El presidente de Estados Unidos aseguró que suspendió una ofensiva militar para dar espacio a un acuerdo, pero el gobierno iraní rechazó que exista cualquier pacto y advirtió que responderá si es atacado

Por: Redacción

El conflicto entre Estados Unidos e Irán entró el fin de semana en una nueva fase de incertidumbre, luego de que el presidente estadounidense, Donald Trump, anunciara la suspensión de un ataque militar previsto contra Irán con el argumento de abrir una ventana para un acuerdo diplomático. Sin embargo, Teherán negó que exista cualquier negociación o pacto sobre la reapertura del estrecho de Ormuz.

Trump afirmó que decidió detener la ofensiva tras conversaciones con aliados de Medio Oriente y expresó su expectativa de alcanzar un acuerdo “rápido”. Entre las condiciones planteadas por Washington se encuentran la reapertura del estrecho de Ormuz y el abandono del programa nuclear iraní.

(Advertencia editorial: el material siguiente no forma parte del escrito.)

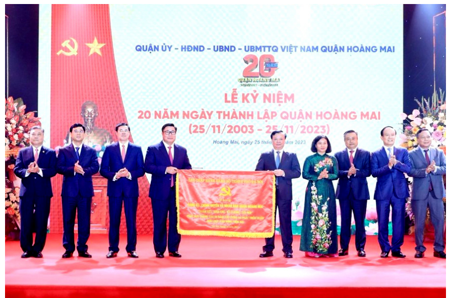
Bí thư Thành ủy Đinh Tiến Dũng trao tặng Đảng bộ, Chính quyền và Nhân dân quận Hoàng Mai bức trướng với dòng chữ: "Đoàn kết - Dân chủ - Kỷ cương - Đổi mới" phát huy thành tựu 20 năm xây dựng và phát triển Giàu đẹp - Văn minh - Hiện đại.

Sáng 25/11, Quận ủy, HĐND, UBND, Ủy ban Mặt trận Tổ quốc Việt Nam quận Hoàng Mai tổ chức trọng thể lễ kỷ niệm 20 năm Ngày thành lập quận (25/11/2003 - 25/11/2023). Đảng bộ, Chính quyền và nhân dân quận Hoàng Mai tiếp tục phát huy thành tựu 20 năm qua để xây dựng quận giàu đẹp, văn minh, hiện đại.
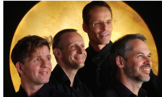
Schlagquartett Köln
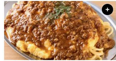
オム&ミートソース Omelette Meat Sauce ¥1,450 ¥1,812
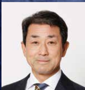
トヨタ自動車九州株式会社 代表取締役社長
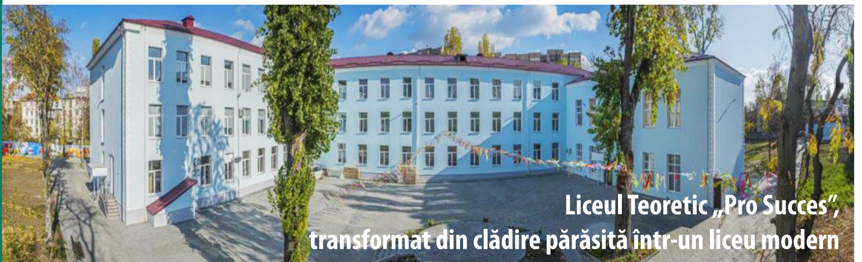
Liceul Teoretic „Pro Succes”, transformat din clădire părăsită într-un liceu modern

La respuesta iraní llegó pocas horas después. El gobierno de Teherán calificó de falsas las declaraciones del mandatario estadounidense y aseguró que no existe ningún acuerdo con Washington

. Además, reiteró que el estrecho de Ormuz permanecerá cerrado mientras continúen las hostilidades de Estados Unidos.

El ministro de Relaciones Exteriores de Irán, Abbas Araqchi, sostuvo que su país responderá a cualquier nueva agresión, mientras medios cercanos a la Guardia Revolucionaria respaldaron la postura oficial y descartaron cualquier negociación en curso.

La tensión en la región se mantiene elevada después de cinco meses de enfrentamientos entre Estados Unidos, Israel e Irán, un conflicto que ha afectado el tránsito marítimo en el Golfo Pérsico, el mercado energético y la estabilidad de Medio Oriente.